The Select Committee on the Scrutiny of New Taxes, chaired by Western Australian Senator Mathias Cormann, heard evidence from eight industry groups and businesses that a carbon tax will have a detrimental affect on them.

Paul Schembri, from lobby group Mackay Canegrowers, says a carbon tax will add significant costs to their bottom line,, but their principal grievance is about international competitiveness.

He says carbon tax will put the Australian sugar industry on an unlevel playing field with other countries.

"We go head to head against Thailand, Brazil, Guatemala, South Africa, those sorts of countries they don't have at this juncture a carbon tax, that makes us less competitive, less profitable," he said.

"We're not saying the sky will fall in but anyone who understands this industry knows that the price can be extremely volatile, the exchange rate can be volatile as well, and whilst we're talking about sugar prices being 30 cents a pound, I do remember them not long ago being five or six cents a pound."

Mick Crowe, from the Mackay Whitsunday Regional Development Corporation (REDC), says he's concern a carbon tax on the coal industry will make investment in the region less attractive and affect the long term viability of mines.

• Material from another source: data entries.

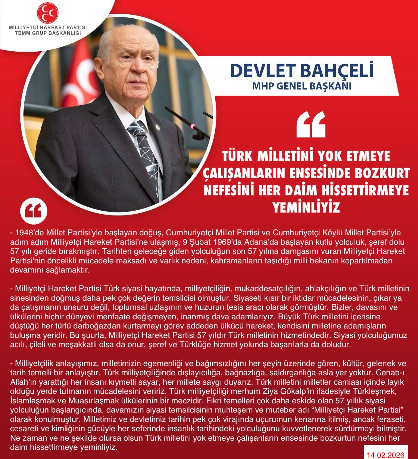 Bu şuurla, Milliyetçi Hareket Partisi 57 yıldır Türk milletinin hizmetindedir. Siyasi yolculuğumuz acılı, çileli ve meşakkatli olsa da onur, şeref ve Türklüğe hizmet yolunda başarılarla da doludur.
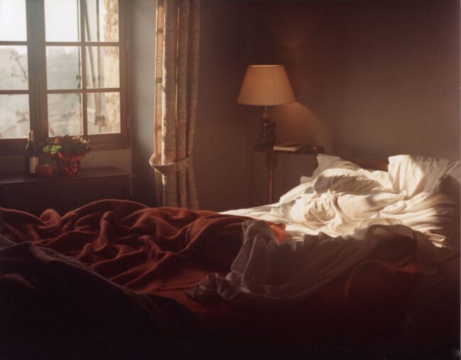When we returned from breakfast to our hotel room, in our favorite Provençal hotel, I immediately noticed the winter light playing across our unmade bed. The thin light streaming in through the window panes and the folds of the bed clothes reminded me instantly of an Old Masters painting. Because of the light and memories, ‘Bed Les Arcs’ is one of my favorite images.
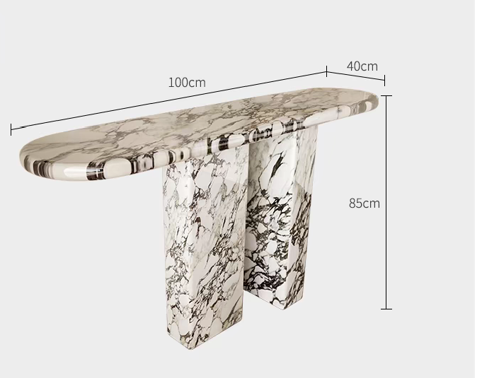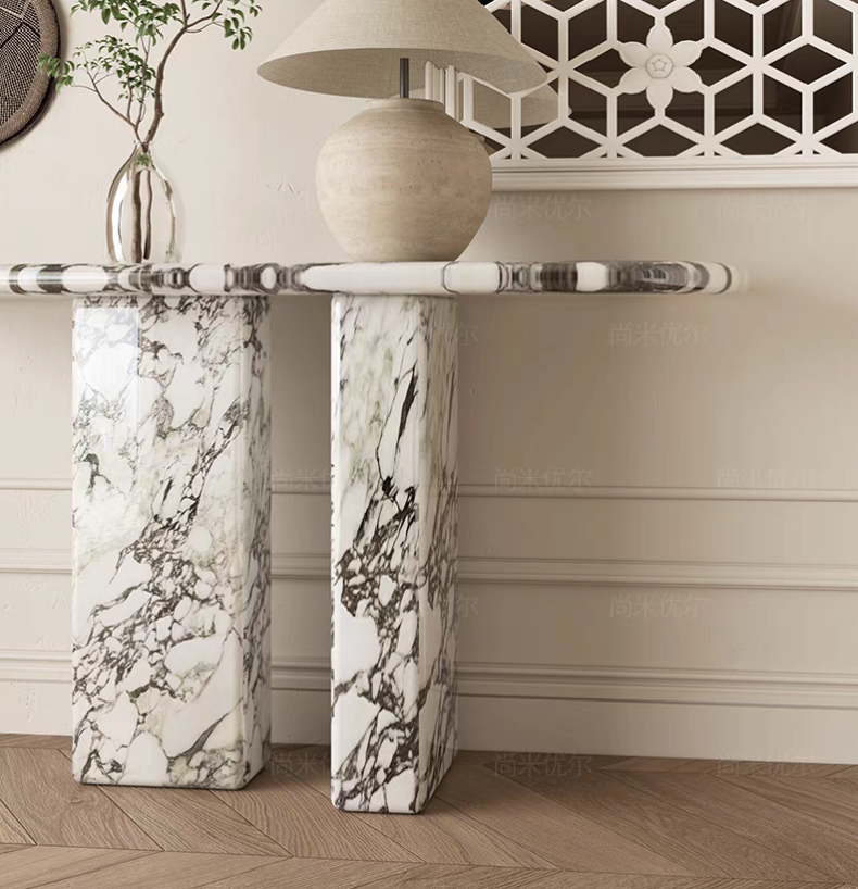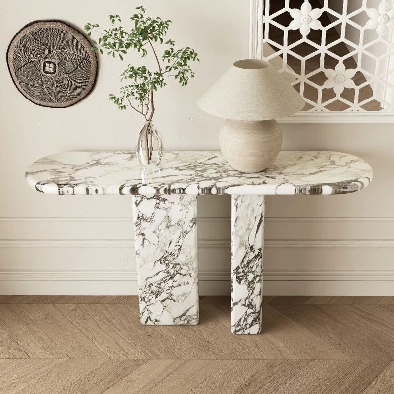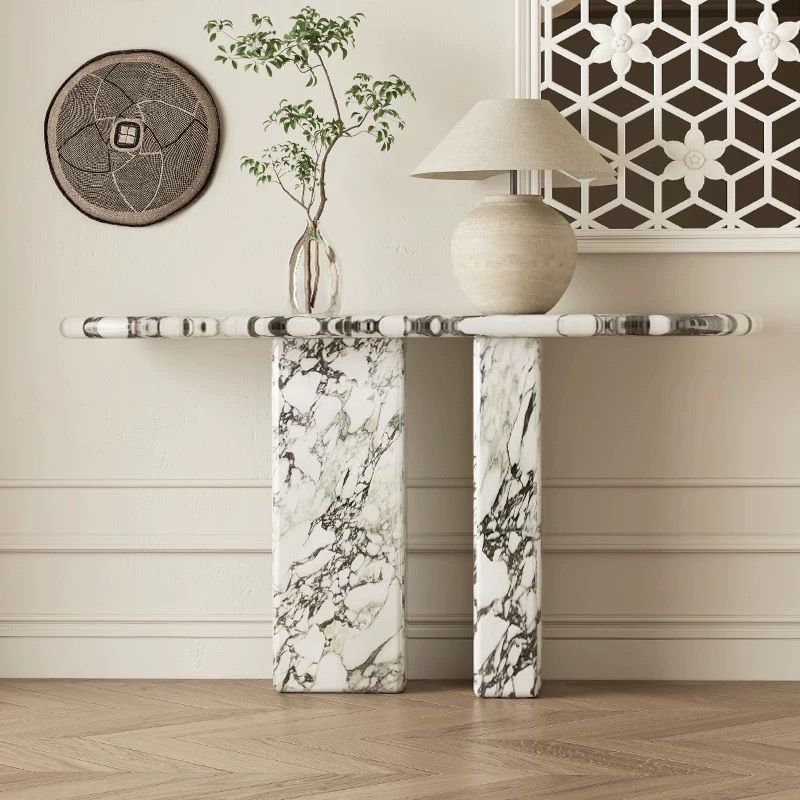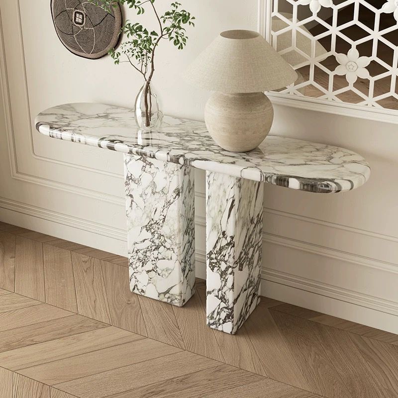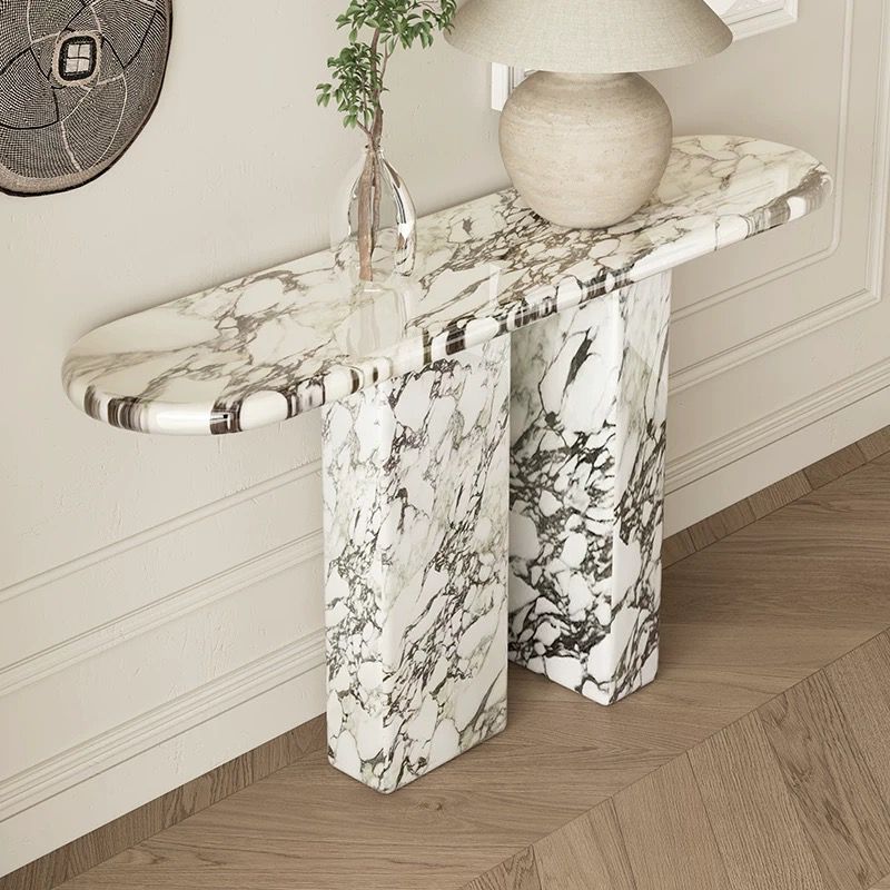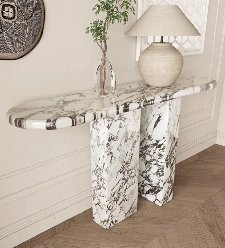 Elevate your home with the Aurora Luxe Console Table, a masterpiece of modern elegance and sophistication. Designed with high-quality marble, this statement piece features a bold yet refined asymmetrical base, complemented by a sleek, rounded-edge tabletop. Its exquisite veining pattern adds a touch of luxury and uniqueness, making it perfect for entryways, living rooms, or hallways.
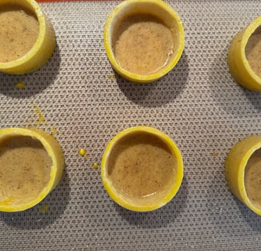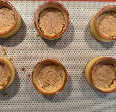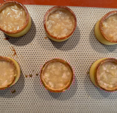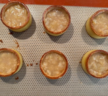 Sortir du four, laisser refroidir légèrement, décercler. Mélanger un jaune d'oeuf avec 5 g de crème fraîche et badigeonner au pinceau le tour des tartelettes avec ce mélange. Verser un fond de pécantine sur environ un centimètre d'épaisseur dans chaque moule.
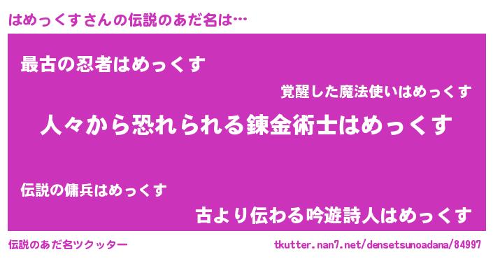 | ヒーロー風カッコイイあだ名 | 『正義の使者はめっくす』『仮面ハメダー』 |
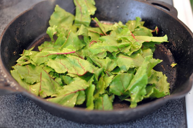 1. Remove beet tops from 3 beets, wash thoroughly. Slice the greens off of the red stem with a knife. Discard the woody red stems and chop greens down to smaller, more manageable bite-size pieces.

"People are still going to use coal, so what it does is encourage offshore investment with no net gain to the environment, that conceptually in a carbon tax as well for Australia and the local region perplexes me and I think it needs to be addressed," he said.

"If we want to save the environment, let's do things that drive behaviour. A fugitive emissions tax on coal won't stop coal. It just shifts it out of Australia."

Submissions to the inquiry close on August 15.

There are still public hearings to be held in Canberra, the Latrobe Valley and Geelong.